Speaking pre-show, he said: “It’s that idea of waking up and maybe having no clear idea of where you are. You have to get dressed and run off in the morning from that scenario, that kinky night. Everything is messed up: you obviously don’t have time to look at yourself in the mirror. But when you’re on the street you look as hot as fuck because you own it. You’ve had a really good night, and everything is fantastic, so you just shine from the inside.”

Martens opened his collection with a series of generic standards that had been thoroughly tumbled and seemed all the fresher for it. A white tank top, denim outerwear, knit twinsets, half-button shirts and button down skirts were all hoiked, yanked, and agitated across the body. These looked great, and were a little reminiscent of the free-spirited conceptual hotness of Martens’ Y/Project output.
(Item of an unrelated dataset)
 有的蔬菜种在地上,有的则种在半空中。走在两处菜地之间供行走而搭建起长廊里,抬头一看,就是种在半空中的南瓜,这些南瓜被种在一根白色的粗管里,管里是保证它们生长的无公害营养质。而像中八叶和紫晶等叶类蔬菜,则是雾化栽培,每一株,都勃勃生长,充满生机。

Denims were coated in denim to retain stiffness despite movement, as if splashed with last night’s cocktails.

Knitwear incorporating embroidered needlepoint florals and denim lined with upcycled felt blankets (and blankets lined with denim) suggested the wearers had grabbed the first thing on hand to cover themselves as they bolted out the door. The florals were inset ingeniously into the necklines of a color smudged ivory cable cardigan worn above a rib-knit romper, or into the collars of cotton shirting or knit tank tops. At the end the florals sprouted again on the stiffened surface of quilt wraps. Boyfriend T-shirts and check shirts were layered, twisted, and wrapped into each other to create single, apparently messed-up jumpsuits and dresses. A pale blue silk skirt hung close to ankle length apart from at the left thigh, where it snagged upwards as if caught.
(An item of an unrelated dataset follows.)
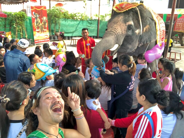 現地のタイの人々はもちろん、たくさんの観光客たちが、健康で元気なゾウ達に会えて、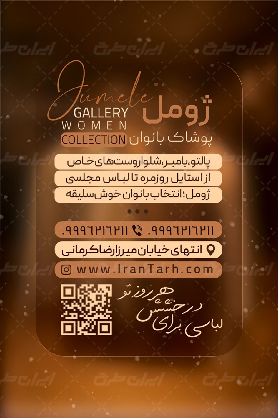 طرح کارت ویزیت پوشاک زنانه شامل:

Velvet flocked denim, wrap around mini-shorts, pantaboots, roughly contrasting pleated dresses (some apparently with hems tucked unwittingly into underwear), and a cluster of patched faux fur coats and gilets made from Diesel’s trove of deadstock added to the dressed-excellently-in-the-dark mix. Towards the end of the collection Martens heaved what he termed “a vomit of color” into the action: leather and shearling outerwear, shirting and pants were painted as powerfully as The Wiggles. Flattened legged jeans and twinset cotton tops were more delicately color drenched in confetti colors.

These tones reflected the set, an anarchic installation of tens of thousands of props from shows and parties going back to the 1980s that were dug out of the Diesel archive. I spent this show being stared down by a stuffed (fake) zebra in a hat who was surrounded by a scattering of condoms, a slice of pizza and a cigarette. Amongst the props was a bed containing an apparently unoccupied stuffed pig costume, arranged as if sleeping. As the finale passed it stirred, sat up, and looked around with startled cartoon eyes.